# What is needed
Once the line with "VH-VQL. Jetstar - in" is found in the entries below, print it and each following line exactly, stopping after the line with "Moonstone is often"; print nothing else.

# Extracted information
((

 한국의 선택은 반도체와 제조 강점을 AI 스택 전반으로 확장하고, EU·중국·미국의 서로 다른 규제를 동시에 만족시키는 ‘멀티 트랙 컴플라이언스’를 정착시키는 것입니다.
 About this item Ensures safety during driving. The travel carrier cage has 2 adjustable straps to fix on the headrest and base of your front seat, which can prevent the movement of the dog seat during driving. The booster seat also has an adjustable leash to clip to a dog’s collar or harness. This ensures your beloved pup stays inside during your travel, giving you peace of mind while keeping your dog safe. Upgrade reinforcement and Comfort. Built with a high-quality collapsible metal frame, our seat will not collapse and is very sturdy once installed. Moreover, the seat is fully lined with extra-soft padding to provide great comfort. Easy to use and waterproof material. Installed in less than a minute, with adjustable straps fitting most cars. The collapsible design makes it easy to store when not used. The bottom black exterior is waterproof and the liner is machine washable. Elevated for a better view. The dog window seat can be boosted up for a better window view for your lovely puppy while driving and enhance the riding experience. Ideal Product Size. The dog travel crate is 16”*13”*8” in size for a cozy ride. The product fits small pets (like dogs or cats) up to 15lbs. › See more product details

))
((

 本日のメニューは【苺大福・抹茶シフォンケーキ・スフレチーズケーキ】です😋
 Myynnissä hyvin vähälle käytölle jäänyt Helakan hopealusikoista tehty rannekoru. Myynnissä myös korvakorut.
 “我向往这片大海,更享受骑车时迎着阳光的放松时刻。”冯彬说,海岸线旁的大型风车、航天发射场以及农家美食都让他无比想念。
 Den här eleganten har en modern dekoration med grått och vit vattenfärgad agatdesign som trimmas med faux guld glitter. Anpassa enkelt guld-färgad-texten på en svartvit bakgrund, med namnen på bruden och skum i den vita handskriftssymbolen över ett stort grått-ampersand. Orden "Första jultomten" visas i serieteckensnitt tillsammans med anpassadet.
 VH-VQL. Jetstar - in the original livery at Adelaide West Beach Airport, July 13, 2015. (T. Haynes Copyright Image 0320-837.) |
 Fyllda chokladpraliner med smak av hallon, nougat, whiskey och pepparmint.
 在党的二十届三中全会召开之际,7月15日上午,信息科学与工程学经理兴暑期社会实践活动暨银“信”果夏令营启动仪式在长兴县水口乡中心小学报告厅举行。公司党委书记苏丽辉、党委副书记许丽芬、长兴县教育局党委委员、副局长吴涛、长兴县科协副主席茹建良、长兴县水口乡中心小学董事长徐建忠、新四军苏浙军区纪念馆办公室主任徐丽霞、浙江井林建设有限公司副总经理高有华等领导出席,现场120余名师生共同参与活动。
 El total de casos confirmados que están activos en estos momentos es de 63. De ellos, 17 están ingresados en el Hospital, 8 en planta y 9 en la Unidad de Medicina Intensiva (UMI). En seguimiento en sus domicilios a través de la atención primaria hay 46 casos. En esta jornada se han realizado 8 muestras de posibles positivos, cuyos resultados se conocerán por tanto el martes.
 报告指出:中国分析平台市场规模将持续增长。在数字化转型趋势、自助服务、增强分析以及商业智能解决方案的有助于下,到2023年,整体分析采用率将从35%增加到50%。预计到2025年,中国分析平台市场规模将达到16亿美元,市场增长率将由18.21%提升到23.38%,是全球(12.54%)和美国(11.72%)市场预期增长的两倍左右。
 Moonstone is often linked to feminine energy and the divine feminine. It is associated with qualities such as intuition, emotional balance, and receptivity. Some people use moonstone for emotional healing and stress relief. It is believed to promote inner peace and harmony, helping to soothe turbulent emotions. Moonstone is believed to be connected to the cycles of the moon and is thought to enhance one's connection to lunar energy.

))

# Result below
 VH-VQL. Jetstar - in the original livery at Adelaide West Beach Airport, July 13, 2015. (T. Haynes Copyright Image 0320-837.) |
 Fyllda chokladpraliner med smak av hallon, nougat, whiskey och pepparmint.
 在党的二十届三中全会召开之际,7月15日上午,信息科学与工程学经理兴暑期社会实践活动暨银“信”果夏令营启动仪式在长兴县水口乡中心小学报告厅举行。公司党委书记苏丽辉、党委副书记许丽芬、长兴县教育局党委委员、副局长吴涛、长兴县科协副主席茹建良、长兴县水口乡中心小学董事长徐建忠、新四军苏浙军区纪念馆办公室主任徐丽霞、浙江井林建设有限公司副总经理高有华等领导出席,现场120余名师生共同参与活动。
 El total de casos confirmados que están activos en estos momentos es de 63. De ellos, 17 están ingresados en el Hospital, 8 en planta y 9 en la Unidad de Medicina Intensiva (UMI). En seguimiento en sus domicilios a través de la atención primaria hay 46 casos. En esta jornada se han realizado 8 muestras de posibles positivos, cuyos resultados se conocerán por tanto el martes.
 报告指出:中国分析平台市场规模将持续增长。在数字化转型趋势、自助服务、增强分析以及商业智能解决方案的有助于下,到2023年,整体分析采用率将从35%增加到50%。预计到2025年,中国分析平台市场规模将达到16亿美元,市场增长率将由18.21%提升到23.38%,是全球(12.54%)和美国(11.72%)市场预期增长的两倍左右。
 Moonstone is often linked to feminine energy and the divine feminine. It is associated with qualities such as intuition, emotional balance, and receptivity. Some people use moonstone for emotional healing and stress relief. It is believed to promote inner peace and harmony, helping to soothe turbulent emotions. Moonstone is believed to be connected to the cycles of the moon and is thought to enhance one's connection to lunar energy.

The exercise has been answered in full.